Friday, 13 December 2013

'Never volunteer for anything'

(BroadhempstonCommunity Woodland - visit five 1.11.08)

So goes the maxim of conscripted soldiers down the centuries. But that’s advice for dealing with those who have authority over you and for situations where you have no choice about being there!

There were fifteen of us who made it to the Waytown Cross car park, variously equipped with tools to make a start on attracting the right kind of life to the woodland’s pond. It’s artificial, and the problem is that for most of the year there isn’t enough run-off from the hills to allow it to flow and refresh itself.

But of what is in the pond, what grows by it, what is drawn to it and what you do about it, I know little. I listened and began to understand a bit more from those with an emerging expertise. Different people with different skills to share, for the benefit of all - strangely the ratio of women to men was 2:1.
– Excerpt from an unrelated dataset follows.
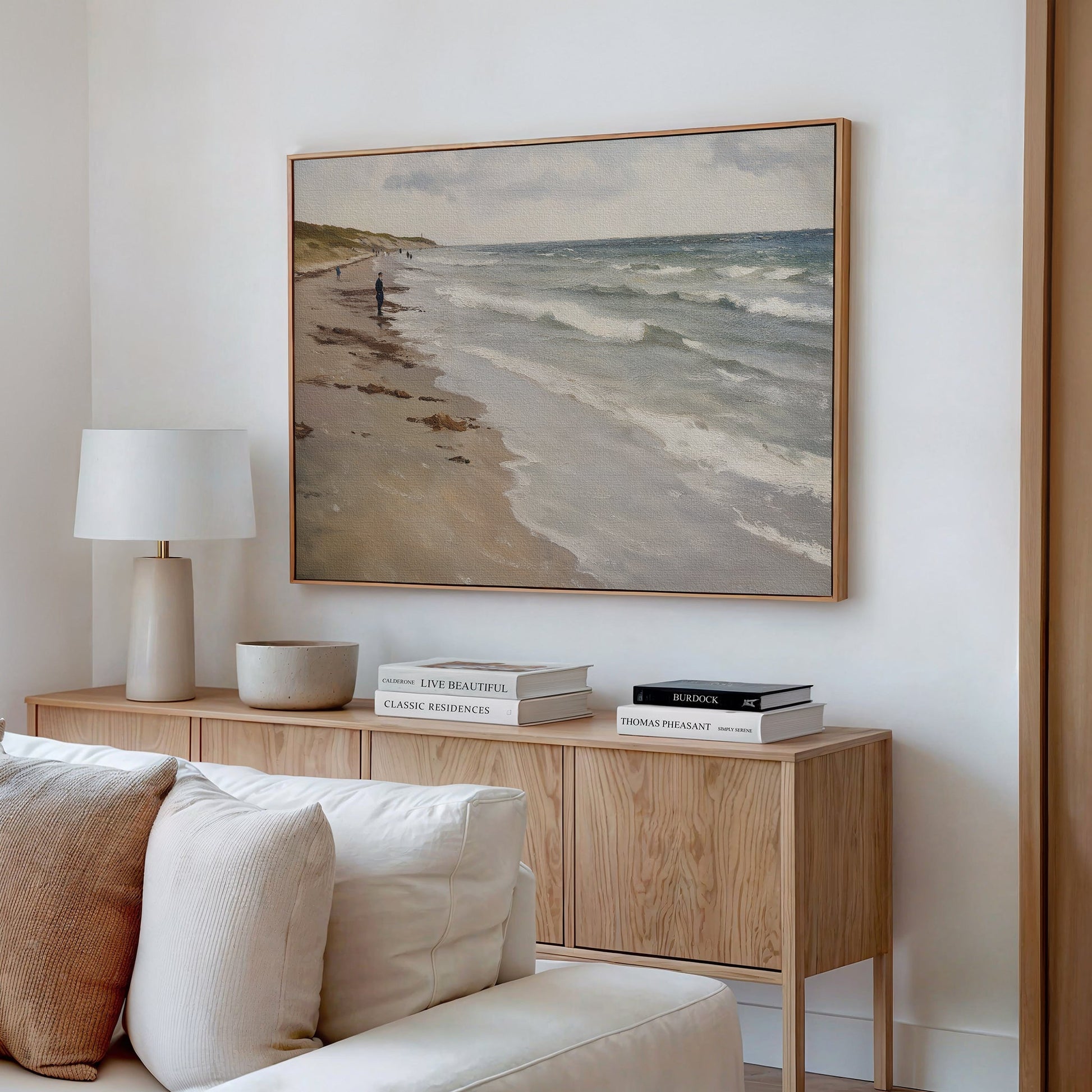 Serene Beach Walk Oil Painting - Tranquil Coastal Landscape Art for Home Decor

Most of those present knew each other better than I knew them. But I could see enough to know that there must be hundreds of stories they could tell of what leads them to come along and the unlikely connections that make it possible. And you only need to have one thing in common, a desire to be there.

Of course the best kind of volunteering is when you find yourself stepping forward because you know you are the best person for the job, knowing that as part of a team your companions will act for you in other situations that they understand better - then there is no sacrifice at all.
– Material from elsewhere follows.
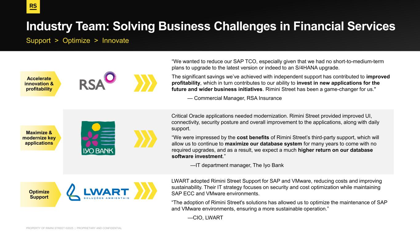 PROPERTY OF RIMINI STREET ©2025 | PROPRIETARY AND CONFIDENTIAL Support > Optimize > Innovate Industry Team: Solving Business Challenges in Financial Services “We wanted to reduce our SAP TCO, especially given that we had no short-to-medium-term plans to upgrade to the latest version or indeed to an S/4HANA upgrade. The significant savings we’ve achieved with independent support has contributed to improved profitability, which in turn contributes to our ability to invest in new applications for the future and wider business initiatives. Rimini Street has been a game-changer for us." — Commercial Manager, RSA Insurance Critical Oracle applications needed modernization. Rimini Street provided improved UI, connectivity, security posture and overall improvement to the applications, along with daily support. ​ “We were impressed by the cost benefits of Rimini Street’s third-party support, which will allow us to continue to maximize our database system for many years to come with no required upgrades, and as a result, we expect a much higher return on our database software investment.” —IT department manager, The Iyo Bank LWART adopted Rimini Street Support for SAP and VMware, reducing costs and improving sustainability. Their IT strategy focuses on security and cost optimization while maintaining SAP ECC and VMware environments. “The adoption of Rimini Street's solutions has allowed us to optimize the maintenance of SAP and VMware environments, ensuring a more sustainable operation.” —CIO, LWART Optimize Support Accelerate innovation & profitability Maximize & modernize key applications

Minutes after picking me up in the morning, Verity had set a pace for the day that never let up, bounding through ASDA in search of long matches for lighting a lantern trail to the bonfire at the beacon quarry that evening. On the run, our conversation is of how to generate income rather than rely on grants, of a business plan, and the transport problem for any user of the woodland who doesn’t have access to a car.

But I’m a guy in a hurry too, a ‘step slow’ perhaps - and definitely fed up with being late for my own life - but drawn on by her, I get younger by the minute!
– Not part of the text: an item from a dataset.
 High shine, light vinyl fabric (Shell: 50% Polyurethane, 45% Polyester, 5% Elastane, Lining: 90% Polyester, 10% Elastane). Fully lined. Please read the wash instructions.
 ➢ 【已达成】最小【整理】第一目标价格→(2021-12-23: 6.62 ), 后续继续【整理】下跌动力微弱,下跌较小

And the pay-off for our efforts came just as it was beginning to get dark. First, arriving back at the quarry, Simon was there before us and pointed out an orange sunset, after what had been an overcast day. Then V and I set off to light the lanterns we’d made earlier and planted at intervals on the route to the car park. Would they work, would the rain come before they had a chance to work? Just as it was really getting dark we heard visitor’s cars arriving, and still with a couple left to light, I turned around and realised it was going to work.

Once others appeared to have finished arriving, we headed off back up the hill for the last time. The effect in the forest was mystical and magical - though we had created it ourselves! Suddenly my distant past was no longer ‘a foreign country’. Around the last bend there was, coming at me through the trees, Simon’s own flaming skyline. Just for a moment it was as if the nightmare of the last twenty-one years had never happened.